I'm looking for high quality, heat treated knife blanks for kitchen knives. Fully annealed, ready to grind to shape and attach handle. I've seen the Damascus Blanks that HHH sells. Really awesome looking but I have firmly earned opinions about the types of steel that I like to sharpen. I'm probably fantasizing but I would like Cowry X, Aogami Super or SG2. I would happily settle for VG-10 if it was nicely heat treated. Does anyone sell ready to form annealed knife blanks in these materials?


----------



## orangehero (Dec 7, 2013)

I think you're a little confused about heat treatment as it's not really clear what you're looking for. Usually steel comes annealed (soft) in bar form so that you can easily shape it with grinder/files to the profile you want. It's difficult to find Japanese steels here, although there are a couple of places in Europe you can order San Mai and Japanese high carbon steel bars from. 

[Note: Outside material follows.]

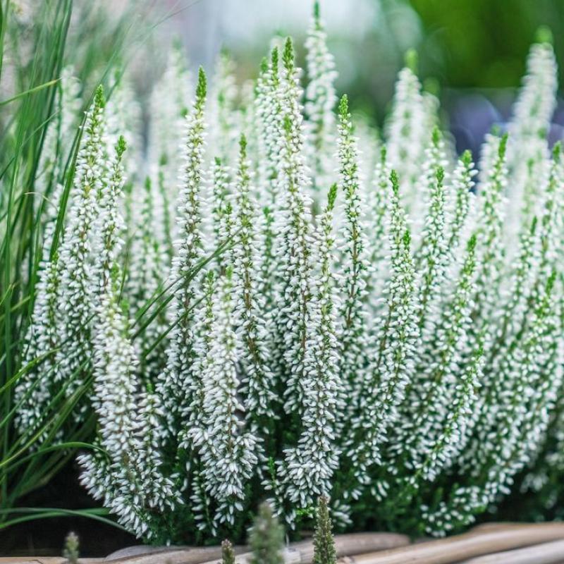 A crisp and elegant heather featuring upright white flower spikes that bloom late summer into fall. Its evergreen form and refined color make it ideal for mixed containers, rock gardens, or seasonal borders.

http://www.mehr-als-werkzeug.de/cat...onid=D99C603440FED783E732A9F792A2F188?lang=en
http://www.workshopheaven.com/tools/steel_billets.html

Jantz carries bars of Cowry X and Cowry Y. There are a number of retailers here in the US that carry powder metallurgy stainless steels from other manufacturers in thin stock that are also excellent for kitchen knives. You should be aware that the PM steels are usually extremely wear resistant so that it will be fairly difficult to do finish grinding once they've been hardened.

Once you've ground these annealed bars to the shape you want you can then send it out to get professionally heat treated.

I know there's a lot of buzz about steel types and whatever, but if you're interested in learning how to make a knife you'd be better off with something simple like O1 or 1084. It will be much easier to work with and you will end up with an excellent knife you can be proud of. You can even try your hand at heat treating it yourself.

If you're just looking to make a handle, then buy a knife in whatever steel you like and grind off the old handle.


----------